This week started SO WELL! I mean, I was up EARLY blogging BEFORE work, for Christs sake! What happened?
Well, I’m glad you asked. I spent a good portion of my office hours this week listening to motivational podcasts (parts of my job are very monotonous and podcasts/audiobooks help keep me focused and stop me from chatting) so by the time Wednesday rolled around (my first blogging day) I was full of ideas and couldn’t wait to film and write. I may have touched on our shoddy internet in the past, I mean it’s barely worth discussing but it’s possible I’ve told you about it in every post since we moved in 2016. Well it was just not playing ball, wouldn’t upload an image, wouldn’t download a song to use in editing, just wouldn’t anything. I decided to get some video filmed and pictures taken and move my operation to a local coffee house. You may have one where you live, Costa? Yeah, there.
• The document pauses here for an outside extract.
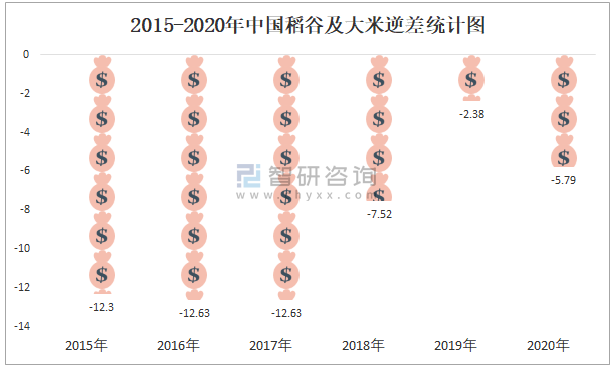 2015-2020年中國(guó)稻谷及大米逆差統(tǒng)計(jì)圖

They don’t have good wifi either but at least I’d have data from my phone there.. oh, did I not mention I get zero phone signal in my house either? I’m starting to wonder whether this entire estate is just a social experiment to see how quickly we turn on each other.
So I packed up my life and set it all up in a corner of said coffee house, ordered myself a toastie, a drink, a little cake.. things were looking up. I had finally settled in when I spotted 3 missed calls on my phone, unusual. I called the number.. Milo had been sick and had to come home from school. Now, I know I’m his Mum and obviously I felt for the guy but COME ON! Last Wednesday-Friday we had at least one kid home because of the snow and so I already had a backlog of work that I hadn’t finished, this was my week, man! MY WEEK! I packed everything back up, got my order to go and collected a very chirpy Milo from school to be told he couldn’t return for the rest of the week. Excellent!
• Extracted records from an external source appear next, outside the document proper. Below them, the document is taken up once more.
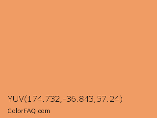 YUV 174.732,-36.843,57.24 Color is a light orange color and the nearest color is Sandy Brown #f4a460. Hex code #f09c64 and RGB value is rgb(240,156,100). In RGB color space, this color is composed of 94% red, 61% green, 39% blue, In CMYK color space, this color is composed of 0% cyan, 35% magenta, 58% yellow , 6% black , In HSL color space, this color has a hue angle of 24° , 82% saturation and 67% lightness.
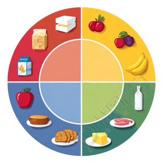 这是一个色彩丰富的圆形图形,展示了食物金字塔被分为两部分,一部分有食物,另一部分没有。左侧包含水果、蔬菜、全谷类、豆类、鱼类等。PNG格式,透明背景,高清,商业设计元素,插画设计。
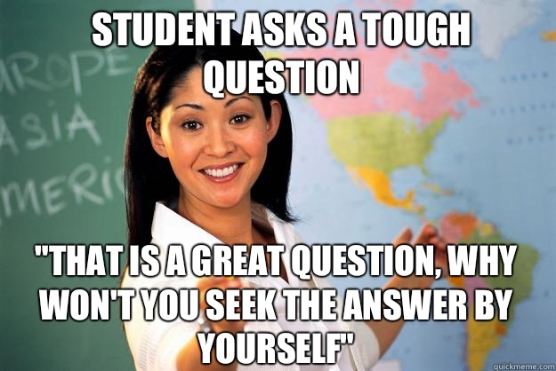 Student asks a tough question "that is a great question, why won't you seek the answer by yourself"
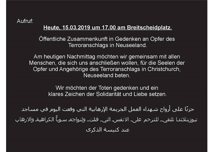 Über 200 Menschen folgten unserem Aufruf und versammelten sich mit Kerzen am Breitscheidplatz. Sie gedachten der Opfer des rechtsradikalen Terrors in #Christchurch, Neuseeland und zeigten ihre Anteilnahme. Gemeinsam beteten Sie für die Seelen der Opfer und Angehörige des Terroranschlags und setzten ein klares Zeichen der Solidarität und Liebe.
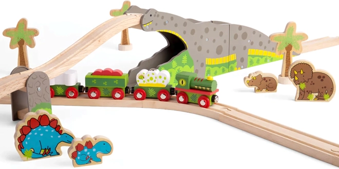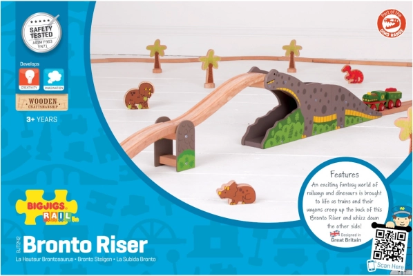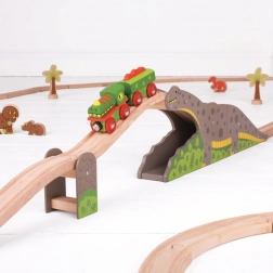 Fedezze fel a szórakoztató dinoszaurusz hidat fa vonatpályákhoz, ahol a vasút találkozik a prehisztorikus kalanddal. A vonat áthalad a „brontoszaurusz” hátán és alatta is, ami izgalmat, fantáziát ad a játékhoz és fejleszti a finommotorikát. Kompatibilis a legtöbb fa vonatpályával a piacon.

I’m typing this in bed on Saturday afternoon because I got about 10% of what I needed to get done, done with Milo on my shoulder asking me to look at things every 30 seconds and right now I’m feeling defeated. It is literally always something. My husband is a very hands on Dad and I never really feel justified in complaining about parenting duties because he does Milo’s washing and ironing, he baths him, he gets his tea, practices his spellings.. he’s basically ‘Mum’ in stereotypical terms and so if I’m ‘Dad’ then what do I have to complain about? Day-to-day, nothing. Really, nothing but when it comes to work and childcare I feel like ‘Dad’ in Mums body. I’m working from home and yet I do the school run, I organise childcare for my day job, I take time off for sickness. I feel guilty for prioritising work but get no credit when I don’t because at some point it needs to be done and so it would appear that I’m ‘always working’ and ‘never playing’.
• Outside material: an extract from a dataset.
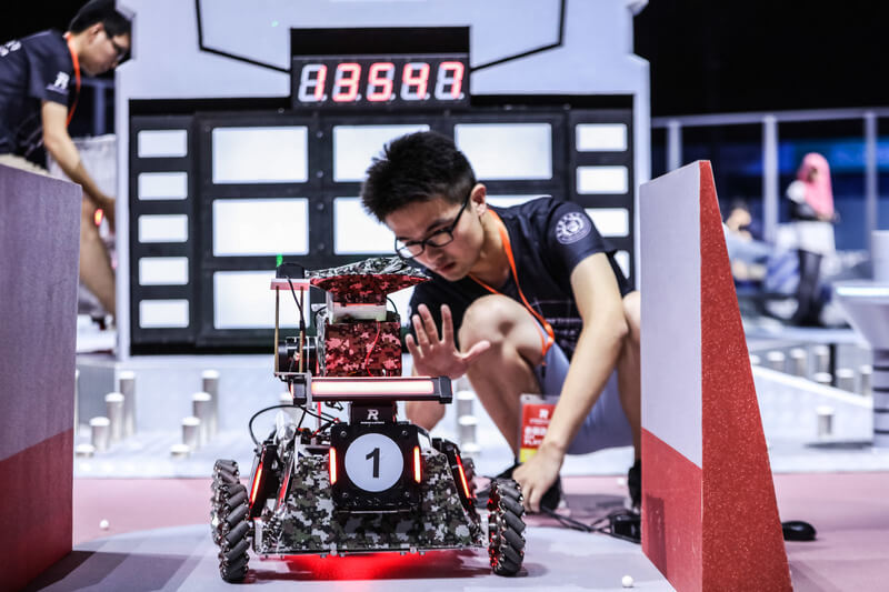 RoboMaster机甲大师赛由共青团中央、全国学联、深圳市人民政府联合主办,大疆创新发起并承办,是全球规模最大的机器人赛事之一。与常见的机器人技能竞赛不同,RoboMaster采用对战形式,由参赛队伍自行设计并制作不同种类的机器人,以攻击对方基地为目标,在实战中检测参赛选手的技术水平。

When Daddy comes home he can play but when Daddy comes home he’s off the clock. His work day hasn’t been broken up by pick ups and drop offs and he didn’t have to consider whether he could go to work that day.. he just went. In fairness to him, he did offer to take a day off for me but how could I say yes? I’m home anyway, I can work whenever.. it’s just that then that becomes working when I’d rather not be.. like on a Saturday afternoon. Right now Milo will be in his element, playing with Daddy and thinking I’m having some ‘me time’ and so the idea of Mummy needing an entire day will be laughable to him. Mummy has ALL the time, why does she need more? He actually complained this week that I always choose what his Dad and I have for tea.. it is of no concern to him what his Dad eats but he’s in this phase where everything could be an argument and Daddy is King. It’s been going on for about 3 years.
He asked recently why Mummy’s get a Mothers Day but kids don’t get a day. Birthdays don’t count, of course, we all get those and I couldn’t quite answer him. I know that for some it’s about treating their Mum to lunch or a bunch of flowers and thanking them for being their for them. For others it’s a day off for Mum, some people I know are going out with the girls, I totally get that. We all seem to celebrate in different ways and I think what I would like is 1 day where I don’t feel guilty for watching the show I want to watch, working if I need to and not building something out of lego. I’m not Mum of the year, I don’t need to be celebrated but we all ‘need a day’ in our own way for our own reasons. We’ve all earned ONE DAY, surely!
.. and if you don’t have a Mum to spoil and you’re not a Mum yourself, take it as an excuse to have your own day.